Gaius-Augustus / Augustus

Genome annotation with AUGUSTUS
http://bioinf.uni-greifswald.de/webaugustus/
272 stars 107 forks source link

Fix for individual liability setting for extrinsic evidence #385

Closed gmanthey closed 1 year ago

gmanthey commented 1 year ago

Hi,

I've found that the individual liability setting for hints does not seem to work as intended. As long as it was not set, all hints of the source where discarded, rendering all hints without this setting useless. This can also be seen in many of the examples (such as in docs/tutorial/results/augustus.hints.gff), where hints are deleted without giving any reason for the deletion.

I think what I've written here should fix the issue and I've tested it on my own data. Basically as soon as a hint is found that is not ok and the individual liability setting is not set for it's source, the sources liability is set to false. Then, after all hints have been processed, all hints belonging to a source that had an unreliable hint are deleted.

From what I can tell, this should have quite a large performance impact especially on BRAKER, as so far many hints might have incorrectly been ignored.

Please let me know if this doesn't produce the desired behavior, I'm also happy to adjust some things if necessary.

Cheers!

KatharinaHoff commented 1 year ago

Thank you for your effort!

I can confirm that it compiles and runs. I cannot confirm that it makes a difference in accuracy (yet), however my test data set (Drosophila melanogaster with protein input from D. anassae via miniprot) might not have been ideal to check this.

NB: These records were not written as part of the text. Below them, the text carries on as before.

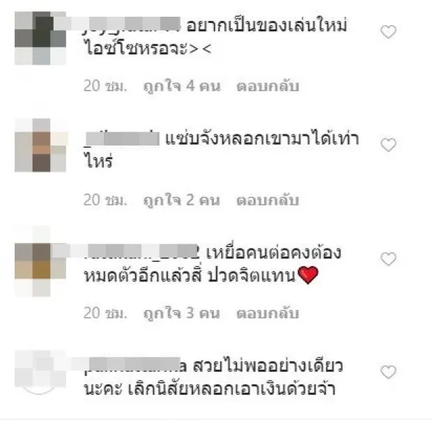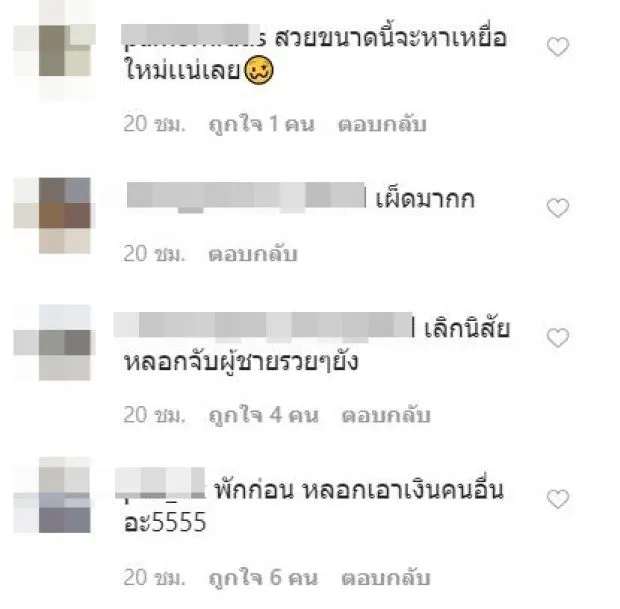 “เลิกได้เลิกนะ นิสัยจับผู้ชายรวย”, “แซ่บจังหลอกเขาได้เท่าไหร่”, “แซ่บจังหลอกเขามาได้เท่าไหร่”, “สวยขนาดนี้หาเหยื่อใหม่แน่เลย”, “พักก่อนหลอกเอาเงินคนอื่นอะ”
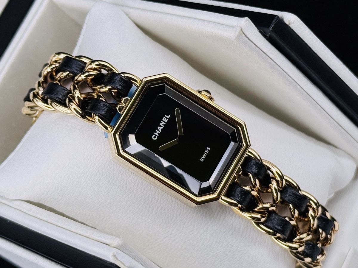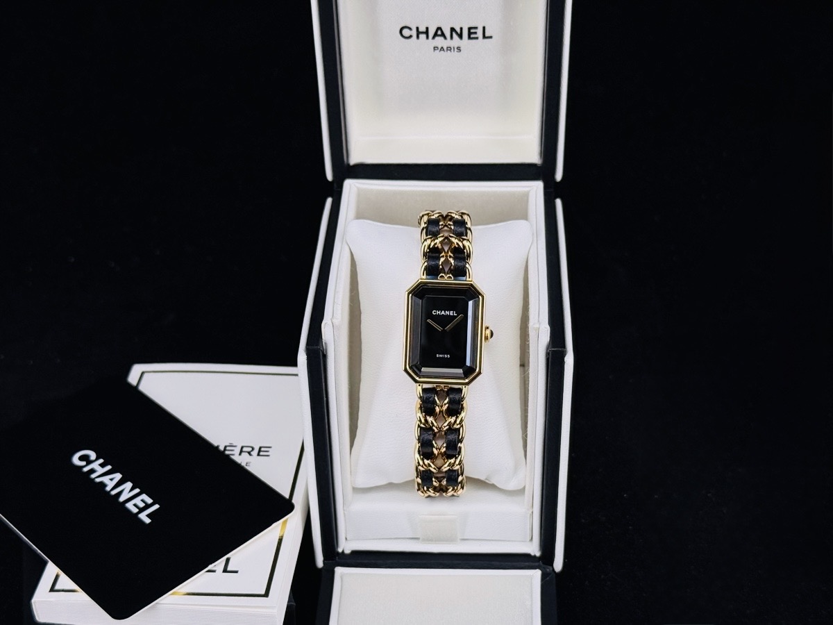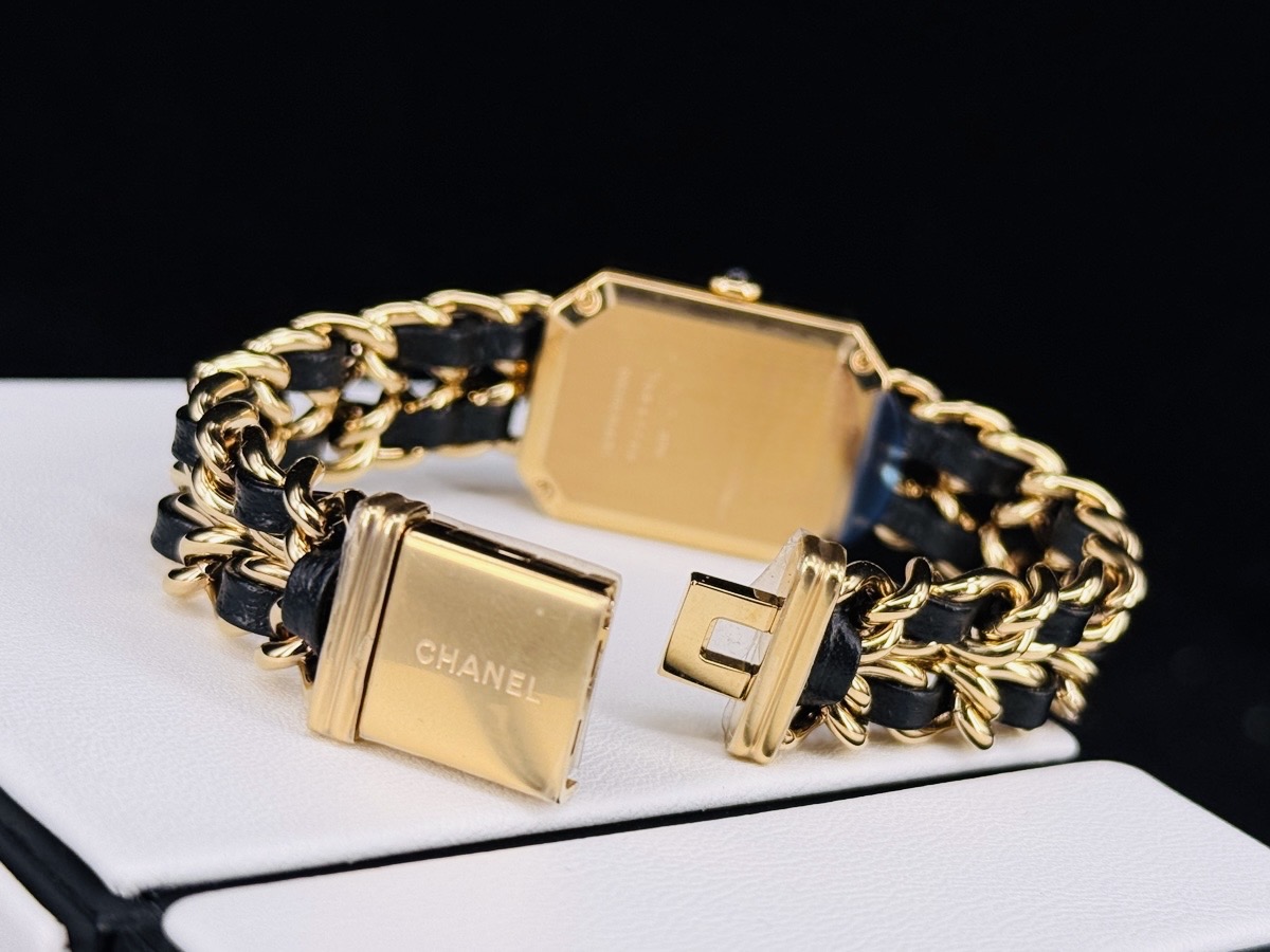 CHANEL 香奈兒 PREMIÈRE腕錶 - 原創款 H6951 18K黃金塗層精鋼材質 超美小香 黑色小牛皮交織18K黃金塗層精鋼錶鍊 2025年保卡 M尺寸錶鍊
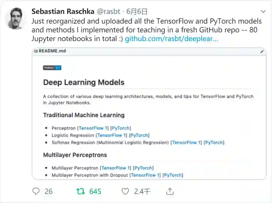 该项目的Github链接为:https://github.com/rasbt/deeplearning-models
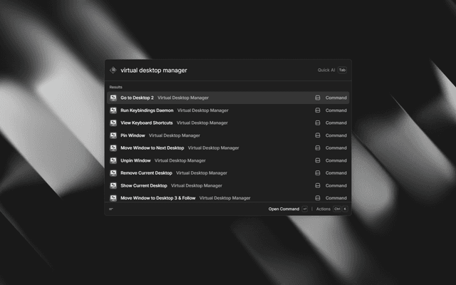 Manage Windows virtual desktops directly from Raycast using AutoHotkey. Brings hyprland like experience to windows.
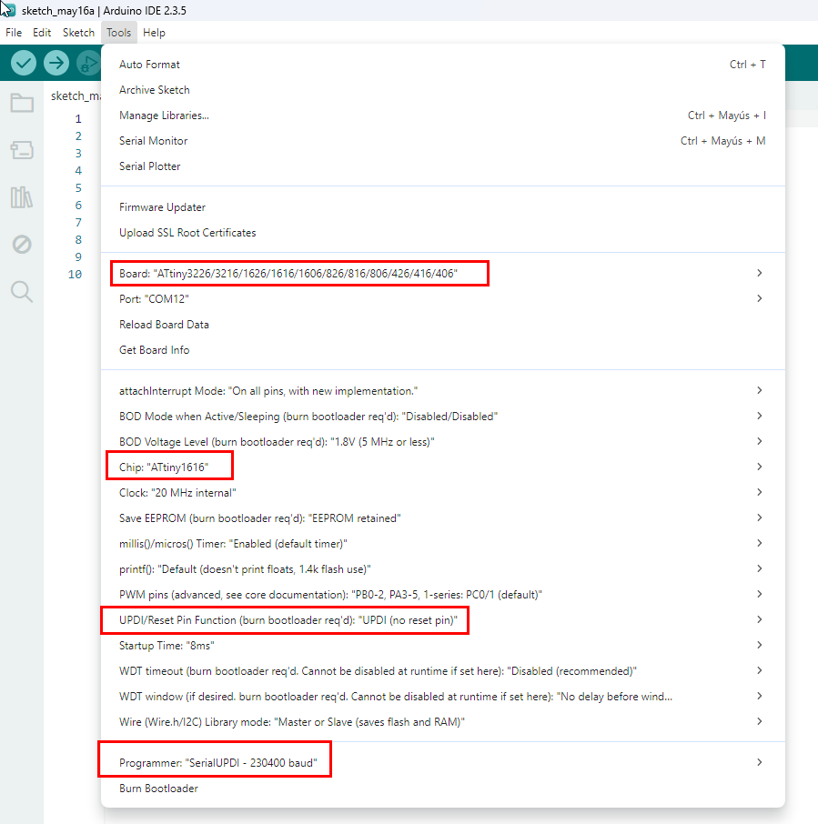 En la configuración del microcontrolador asegúrate que tienes seleccionado el chip Attiny1616, UPDI no reset pin y el programador Serial UPDI 230400 baud. Por último selecciona el puerto en el que está conectado el programador UNIPRog.

Mario needs to further review the pull request.

gmanthey commented 1 year ago

Thanks for the quick reply! I've looked a bit into the BRAKER source files and checked what extrinsicCfgFiles it uses and it looks like on default it is not setting the individual_liability setting, which would imply that hints would never be used in BRAKER.

I don't know how much hints will matter for Augustus performance, but according to your paper, it should make quite a difference. I can also imagine that it matters less when Augustus has been trained for the species compared to non-model species without specific training.

gmanthey commented 1 year ago

After looking through the code and the paper a bit more, I'm not to sure if what I've implemented is quite what was intended. At least it doesnt quite fit the vocabulary used most of the time. The way I understand the vocabulary around the hints is that there is the individual hint (such as a single intron), denoted as one line in the hint GFF, the hint group (such as a whole gene), denoted with the grp attribute in the GFF and the hint source (such as proteins from related species) denoted with the src attribute in the GFF.

What I've implemented now is that if one hint from a whole source is not "ok" all hints and hint groups from that source are disregarded. It first looked like that was the intention in the original (buggy) implementation.

In most of the documentation however, it sounds like the group should be disregarded if a hint is not "ok" instead of the whole source. This would also imply that individual hints would be removed if not "ok" if the individual_liability setting is set.

I have a good idea of what to implement for the second option, so if that would be the desired behaviour instead of what I've implemented now, please let me know :)

gmanthey commented 1 year ago

So sorry for bothering you with this, I seem to have completely overlooked the if statement in original line 541, where the individual_liability is only checked if both strands aren't possible. It seems like in the example I had the introns aren't valid splice patterns, so removing the group was correct behavior. To be fair, the indentation in that file is not helping readability (tab size of 8 leads to indentation of 4??) and the setting is applied somewhat ambiguously, as its not used for short introns/cds with negative lengths. From the description I would also expect individual hints to be deleted if they are unsatisfiable, I might have a look at implementing this if I have time and it is something that you would want. I will close this PR for now however, as those issues with the setting are not as urgent as hints not being used (what I thought initially), again, sorry for the false alarm.